When left-brain approaches to opposing the false values of our artificial world don't get traction -- i.e., by forming a growing movement -- and are dependent on money and other rules of the dominant game, it must be time for a new day of the right-hemisphere of the brain. This means our hearts participate with our minds to find and offer the true path for humanity and the survival of species. There is not one "true path," but can we agree on sustainability and mutual respect while sharing a finite planet?
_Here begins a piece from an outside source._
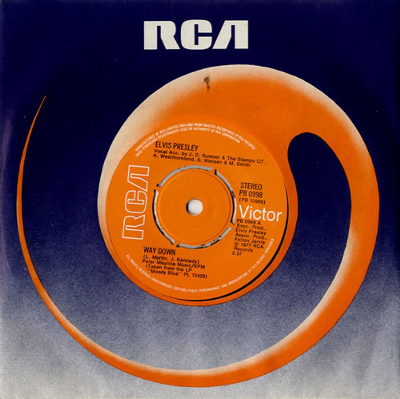 ELVIS PRESLEY Way Down (1977 UK 7" vinyl single with intact four prong centre, also featuring Pledging My Love, RCA company die-cut paper sleeve PB0998)
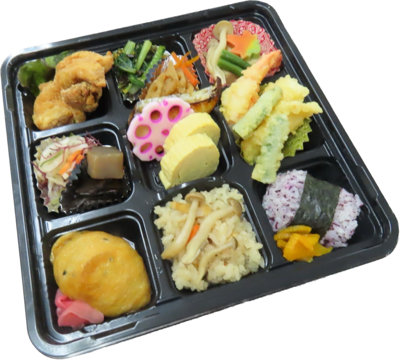 色とりどりのおかずが並ぶ、和の味わいが楽しめるお弁当です。

Art, music, street theater, and joyful rejection of globalism and consumption promise everything. They even deliver it. I have proposed a strategy several times publicly for many years: if enough people don't buy new cars, and just buy used ones if they must, this will keep money local and starve the corporate economy within months, so as to bring it to its knees. Yes, jobs will be lost -- as they will anyway as petrocollapse intensifies. But with more mutual aid and focus, we can hasten and maximize the meaningful work needed globally for resilient neighborhoods and self-reliant communities.

Let's say we don't try to achieve it until forced by collapse. But if things somehow go in a better direction, even local autonomy can be regained in far greater measure (if that has appeal). With industrialism's habit of swallowing-up coming to an historic end, we may reconnect intimately with the interdependent and balanced universe that appears to want to be our friend (we're alive, right?). May you tread upon this path with loved ones and with joy and good health.